Sani Hamid

Reproduced with permission of Financial Alliance from its October market outlook which was sent to its clients recently. In November 2008, Financial Alliance ( became the first and only Financial Adviser Firm in Singapore to achieve both the Singapore Quality Class and the People Developer status.

Q. Is there any genuine reason to believe that the European financial sector recapitalisation efforts will signal the turning point in the crisis as markets hope?

Financial Alliance (FA) : We do not believe so. In the 2008 crisis, the U.S. authorities introduced a host of measures, including the Troubled Asset Relief Program (TARP), which gave markets temporary relief but failed to stem the general downtrend. In our view, things will remain very much the same as markets may rally in anticipation of such measures, only to fizzle out post-announcement with the sideways/down trend to resume thereafter.

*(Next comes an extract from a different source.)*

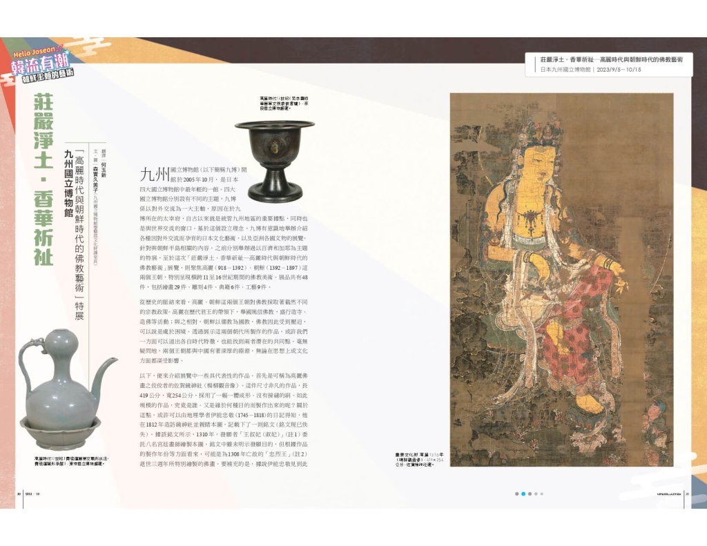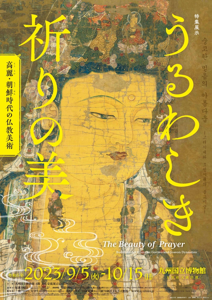 九州國立博物館(以下簡稱九博)開館於2005年10月,是日本四大國立博物館中最年輕的一館。四大國立博物館分別設有不同的主題,九博係以對外交流為一大主軸,原因在於九博所在的太宰府,自古以來就是統管九州地區的重要據點,同時也是與世界交流的窗口。基於這個設立理念,九博有意識地舉辦介紹各種因對外交流而孕育的日本文化藝術,以及亞洲各國文物的展覽。針對與朝鮮半島相關的內容,之前分別舉辦過以百濟和加耶為主題的特展,至於這次「莊嚴淨土.香華祈祉─高麗時代與朝鮮時代的佛教藝術」展覽,則聚焦高麗(918-1392)、朝鮮(1392-1897)這兩個王朝,特別呈現橫跨11至16世紀期間的佛教美術。展品共有48件,包括繪畫29件、雕刻4件、典籍6件、工藝9件。

In fact, volume has been thin in the recent upswing in markets, which is typical of a market correcting higher without conviction. The real point to note is that the primary downtrend has not changed. Investors need to realise that there is a primary trend and a secondary trend. The latter is always influenced by short-term factors such as the recapitalisation news and can therefore swing either side.

For example, in the second half of September it was going down and in the first half of October it went up. However the more important primary trend remains south bound.

However, don’t get us wrong. Europe’s latest financial sector recapitalisation plan (the European Financial Stability Facility or “EFSF”) is an essential part in helping to rebuild market confidence. But as the TARP episode in the U.S. and experiences in other crises have shown us, market bottoms are not normally found at the time such measures are introduced. Instead, markets will continue to trend lower until a time a confluence of factors come into place to create a bottom.

Mykonos (above) in Greece is a popular tourist haven. Bondholders of Greece have just been forced to accept 50% writedowns on the debt in order to save Greece. Photo: Internet

Q. Can you explain why you feel the primary trend is still pointing down at the moment?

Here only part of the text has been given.